- Theatrical release poster
- Directed by: Allan Moyle
- Written by: Carol Heikkinen
- Produced by: Arnon Milchan; Michael Nathanson; Alan Riche; Tony Ludwig;
- Starring: Anthony LaPaglia; Maxwell Caulfield; Ethan Embry; Debi Mazar; Rory Cochrane; Johnny Whitworth; Robin Tunney; Renée Zellweger; Liv Tyler;
- Cinematography: Walt Lloyd
- Edited by: Michael Chandler
- Production company: Regency Enterprises
- Distributed by: Warner Bros.
- Release date: September 22, 1995;
- Running time: 90 minutes
- Country: United States
- Language: English
- Budget: $10 million
- Box office: $303,841 (United States)

= Empire Records =

1995 film by Allan Moyle

Empire Records is a 1995 American coming-of-age comedy-drama film directed by Allan Moyle, written by Carol Heikkinen, and starring an ensemble cast including Anthony LaPaglia, Maxwell Caulfield, Ethan Embry, Debi Mazar, Rory Cochrane, Johnny Whitworth, Robin Tunney, Renée Zellweger, and Liv Tyler.

The plot follows a group of record store employees over the course of one exceptional day.
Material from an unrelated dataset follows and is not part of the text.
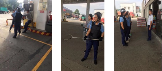 最終在大家的通力配合下,員工們成功將歹徒逼至加油站圍墻邊,并制服歹徒。演練結(jié)束后,站經(jīng)理彭甜甜對(duì)演練過(guò)程進(jìn)行總結(jié)點(diǎn)評(píng):站內(nèi)員工反應(yīng)迅速,配合密切,取得了此次反恐演練的預(yù)期效果。

The employees try to stop the store from being sold to a large chain, and learn about each other along the way.

Empire Records was theatrically released in the United States on September 22, 1995, by Warner Bros. to generally mixed reviews and major box office losses. Nonetheless, several of its stars managed to go on to enjoy successful careers. The film has since gone on to become a cult classic.

==Plot==

At independent record store Empire Records in Delaware, employee Lucas has been tasked by store manager Joe with closing the store for the first time. While counting the day's receipts in Joe's office, he discovers the store is about to be sold and converted into a branch of Music Town, a large national chain.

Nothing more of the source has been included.